In this question we will try to understand the daily behavior of vegetables according to declared health status of intervierws. Our hipotheses is that the people with more week consumption of fruits, juices and vegetables has excellent and good health status.


Part 3: Exploratory data analysis

Research quesion 1/2/3:

Separate variables

Descriptive analysis of variables

Below we will to analysis 4 variables: genhlth, fruitjui1, fvgreen, vegetab1. For each variable we check the factors and the proportion for each one. After that, we will select some factors related to periodic to analyse and to the end we make analysis comparing the health status with the food that we analyzed.

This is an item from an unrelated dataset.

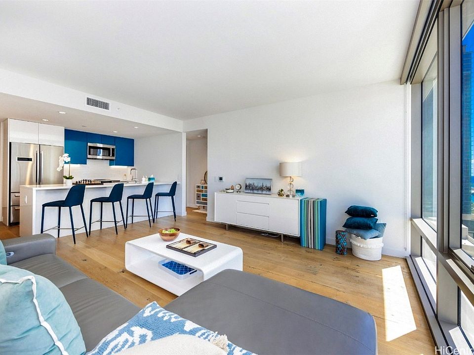 Ultra-modern living meets island style luxury at Ae'o, one of Honolulu's newer condominium developments. Centrally positioned in Ward Village, Architectural Digest's award-winning master planned community, you're just one block from Ala Moana Beach Park and minutes to Ala Moana Center, Whole Foods, nearby shops, restaurants, theaters & more. This beautifully-kept, fully-furnished 1 bedroom residence features modern accents and fine finishes including wood flooring, high-end appliances, designer cabinetry, quartz countertops, plus floor-to-ceiling windows throughout for ample natural light. Partial Pacific Ocean & Ko'olau mountain views captivate from the main living area and bedroom suite. Resort-style amenities await, including a movie theater, kid's play room, formal kitchen and dining spaces, and a unique rooftop sky terrace. Welcome home to island luxury living at Ae'o #1305.

Health Status description - genhlth variable

Percentage = prop.table(table(df$genhlth))
Frequencies = summary(df$genhlth)
Frequencies = Frequencies[1:5]
genhlth_df = data.frame(Frequencies, Percentage)
genhlth_df = genhlth_df[,-2]
kable(genhlth_df, caption = "Health Status Table")
Health Status Table
Frequencies Freq
Excellent 85482 0.1745279
Very good 159076 0.3247841
Good 150555 0.3073868
Fair 66726 0.1362339
Poor 27951 0.0570673

Note that the most part of interviewrs (80%) declaring Excellent and Good Health Status.

Frequencies of Healthy foods consumption

Juice Fruits

We selected the factors between 201 and 299 in the fruiju1 variable. This factors correspond how many juice fruits the interviewer consume during the week.

### Juice Excellent
prop.fruits.ex = df %>% 
      filter(fruitju1 <= 299 & fruitju1 >=201) %>%
      filter(genhlth == "Excellent")

### Juice Very Good
prop.fruits.vergood = df %>% 
      filter(fruitju1 <= 299 & fruitju1 >=201) %>%
      filter(genhlth == "Very good")

### Juice Good
prop.fruits.good = df %>% 
      filter(fruitju1 <= 299 & fruitju1 >=201) %>%
      filter(genhlth == "Good")

### Juice Fair
prop.fruits.fair = df %>% 
      filter(fruitju1 <= 299 & fruitju1 >=201) %>%
      filter(genhlth == "Fair")

### Juice Poor
prop.fruits.poor = df %>% 
      filter(fruitju1 <= 299 & fruitju1 >=201) %>%
      filter(genhlth == "Poor")

We identified that the differents groups of health status has the same curve distribution. Below we checked the mean and median of sample.

juice.ex = prop.fruits.ex$fruitju1
juice.ver = prop.fruits.vergood$fruitju1
juice.goo = prop.fruits.good$fruitju1
juice.fai = prop.fruits.fair$fruitju1
juice.poo = prop.fruits.poor$fruitju1

summaryfun = function(var) {
       a = (var) - 200
       summary(a)
}

jex = summaryfun(juice.ex)
jve = summaryfun(juice.ver)
jgo = summaryfun(juice.goo)
jfa = summaryfun(juice.fai)
jpo = summaryfun(juice.poo)

names = c("Excellent", "Very Good", "Good", "Fair", "Poor")
boxplot(jex, jve, jgo, jfa, jpo, outline = FALSE, names = names, main = "Comparing Boxplot Consumption of Juice Fruit by Health Status in the week", ylab = "Average")

Using BoxPlot we noted that the average consumption of health foods is the same for the entire classes. We believe that the consumption of differents classes does not have some correlation or causality.